В третью неделю июня, незадолго до возвращения Хемингуэя и его приятелей из секретного похода, я вызвал Агента 22.
Он явился 23 июня, во вторник. В тот день я находился в финке и сидел в тени с доктором Геррерой Сотолонго, беседуя с ним о „Хитром деле“. Разумеется, доктор был в курсе шпионской деятельности Хемингуэя, но не пожелал принять в ней участие, как его брат.
– Эрнесто настаивал, – сказал доктор, – но я отказался.
Он даже придумал мне кличку – Малатобо, – но я рассмеялся и отказался вновь.
Я тоже рассмеялся. „Малатобо“ – это разновидность бойцового петуха.
– Ох уж этот Эрнесто и его клички, – задумчиво произнес доктор, потягивая джин с тоником. – Известно ли вам, сеньор Лукас, что в своей шпионской игре он называет себя Агентом 08?
Я продолжал улыбаться. Я знал, что Хемингуэй подписывает свои донесения этим именем.
– Но почему вы отказываетесь ему помочь, доктор? – спросил я, зная, что Геррера ненавидит фашизм больше, чем любой из тех людей, которые отправились с Хемингуэем на „Пилар“.
Спокойный, невозмутимый доктор отставил свой бокал и, к моему изумлению, хватил кулаком по подлокотнику кресла.
– Я не хочу быть полицейским! – по-испански воскликнул он. – Черт возьми, я уже был солдатом и не желаю вновь им становиться! Я никогда не любил ищеек и шпионов.
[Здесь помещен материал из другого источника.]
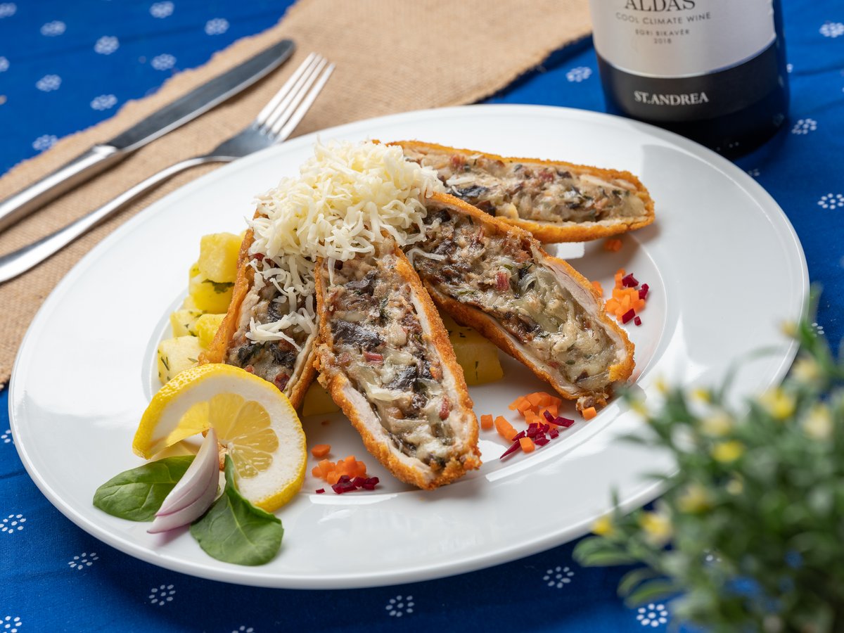 Sajttal, gombával, sonkával töltött pulykamell rántva
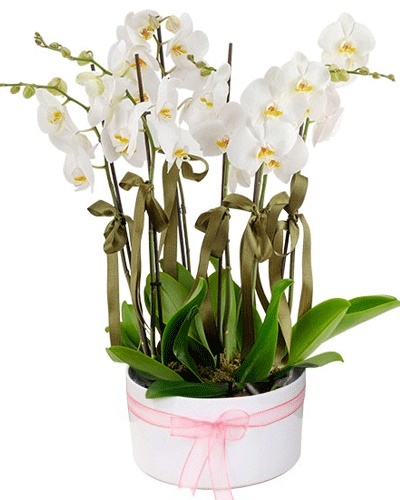 Yuvarlak geniş seramik saksıda 8 dal beyaz orkide aranjmanı.

Мне нечего было сказать. Доктор вновь взял бокал и посмотрел мне в глаза.
– А теперь Эрнесто окружают шпионы. Люди, которые хотят казаться не тем, чем являются на самом деле.
Я выдержал его пристальный взгляд и негромко спросил:
– О чем вы?
Геррера Сотолонго допил джин.
– Этот миллионер… его друг… Уинстон Гест.
Я растерянно моргнул:
– Волфер?
Доктор фыркнул.
– Ох уж эти клички, которыми нас награждает Эрнесто!
Это словно болезнь. Известно ли вам, сеньор Лукас, что сеньор Гест заявил Фуэнтесу и другим малообразованным членам экипажа Эрнесто, будто бы он, Гест, – племянник Уинстона Черчилля?
– Нет, – ответил я.
– Так вот, это истинная правда, – сказал доктор. – Сеньор Гест – известный в Британии игрок в поло. Также он участвовал вместе с Эрнесто в охоте на крупных животных.
Вы ведь знаете, что они познакомились в Кении… кажется, в 1933 году?
– Да, сеньор Хемингуэй упоминал, что они познакомились в Африке.
– Истинная правда также и то, – продолжал Геррера, – что сеньор Гест – „niuy preparado“. Вам известно это выражение?
– Si, – отозвался я. – Человек высокой культуры. Хорошо образованный.